■ What the task requires:
Reproduce the listing in full, exactly as written, but without images.

■ Provided data:
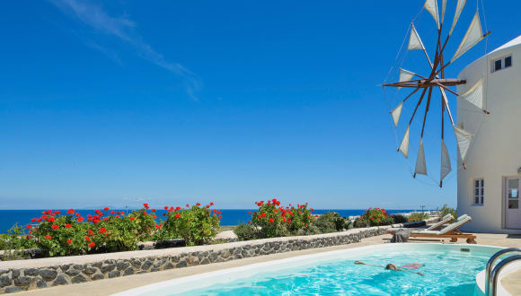 Die Windmill Villas auf Santorin bieten Ihnen einen luxuriösen Aufenthalt in umgebauten Windmühlen, die zu eleganten Villen mit nierenförmigen Pools und atemberaubendem Meerblick umgestaltet wurden. Genießen Sie den Komfort der gut ausgestatteten Küche, der Schlafzimmer mit eigenem Bad und des Wohnbereichs mit Sat-TV und Stereoanlage. Entspannen Sie auf Ihrer eigenen Sonnenterrasse und lassen Sie sich von einem privaten Koch oder Masseur verwöhnen. Die Lage der Villen zwischen Fira und Oia bietet Ihnen eine ideale Ausgangsbasis, um die Insel zu erkunden.
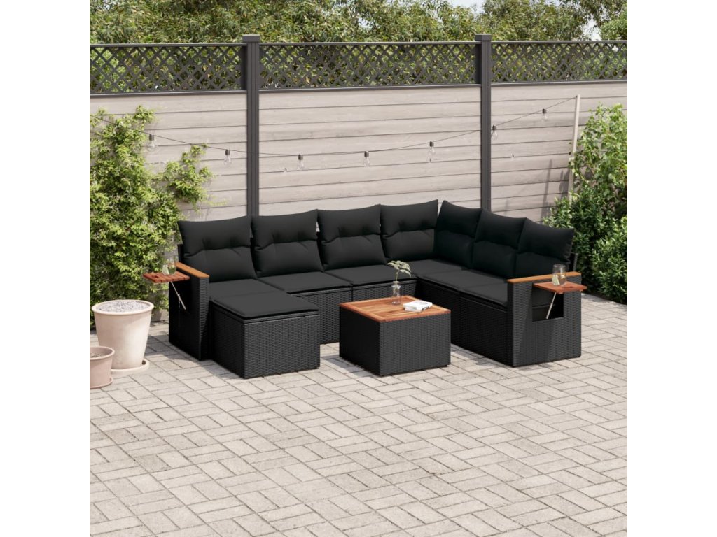 8dílná zahradní sedací souprava s poduškami černá polyratan 3227049
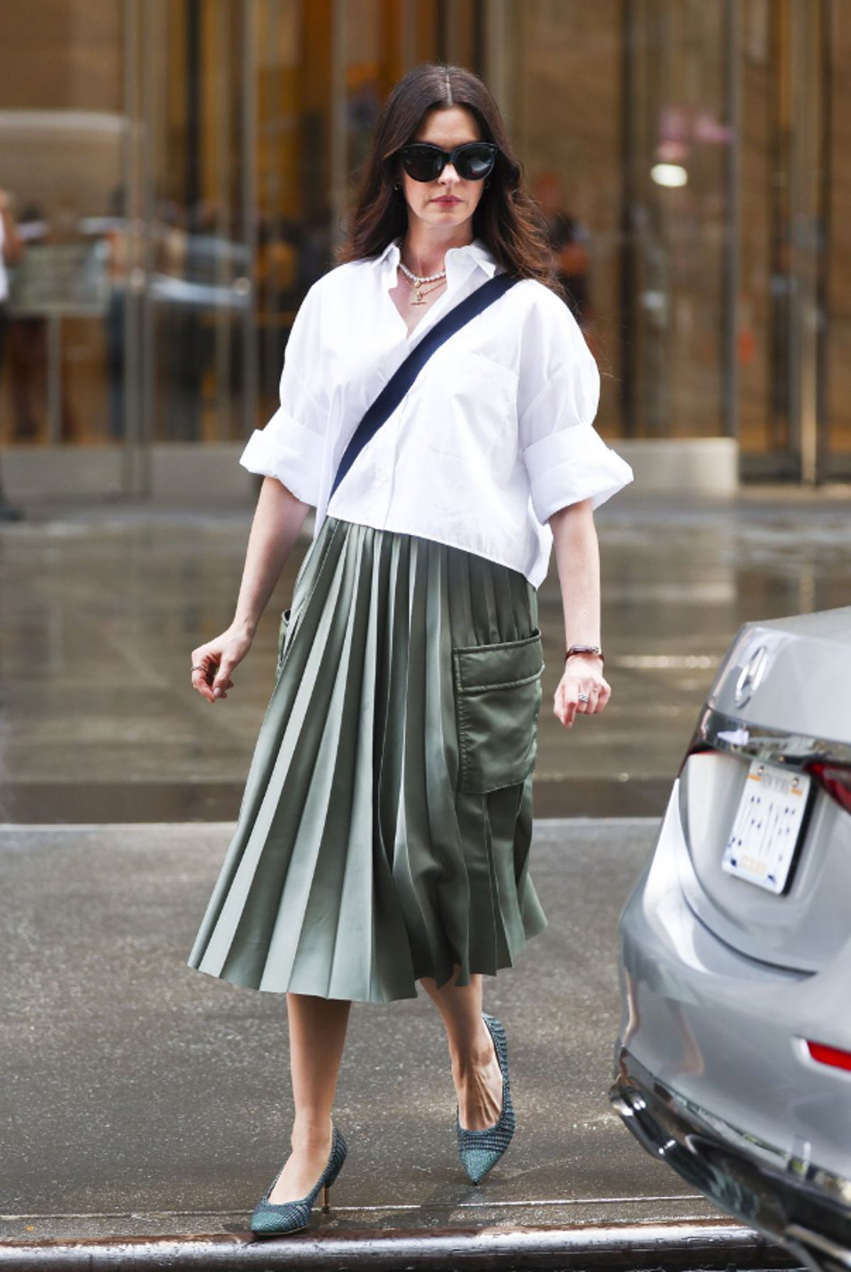 Uno de los más comentados: total look blanco con líneas arquitectónicas, pantalones de estructura fluida, blusa de manga amplia, kitten heels y un collar chunky que marca el paso (literalmente) en las calles de Nueva York. El mejor ejemplo de cómo una sola pieza de joyería puede convertir una base neutra en un look editorial.
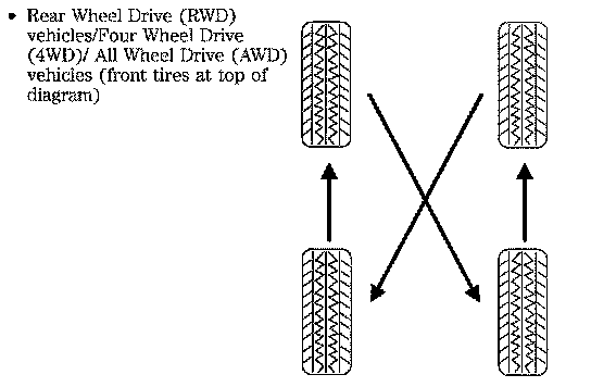 NOTE: If your tires show uneven wear ask an authorized dealer to check for and correct any wheel misalignment, tire imbalance or mechanical problem involved before tire rotation.

■ Result for this task:
 Die Windmill Villas auf Santorin bieten Ihnen einen luxuriösen Aufenthalt in umgebauten Windmühlen, die zu eleganten Villen mit nierenförmigen Pools und atemberaubendem Meerblick umgestaltet wurden. Genießen Sie den Komfort der gut ausgestatteten Küche, der Schlafzimmer mit eigenem Bad und des Wohnbereichs mit Sat-TV und Stereoanlage. Entspannen Sie auf Ihrer eigenen Sonnenterrasse und lassen Sie sich von einem privaten Koch oder Masseur verwöhnen. Die Lage der Villen zwischen Fira und Oia bietet Ihnen eine ideale Ausgangsbasis, um die Insel zu erkunden.
 8dílná zahradní sedací souprava s poduškami černá polyratan 3227049
 Uno de los más comentados: total look blanco con líneas arquitectónicas, pantalones de estructura fluida, blusa de manga amplia, kitten heels y un collar chunky que marca el paso (literalmente) en las calles de Nueva York. El mejor ejemplo de cómo una sola pieza de joyería puede convertir una base neutra en un look editorial.
 NOTE: If your tires show uneven wear ask an authorized dealer to check for and correct any wheel misalignment, tire imbalance or mechanical problem involved before tire rotation.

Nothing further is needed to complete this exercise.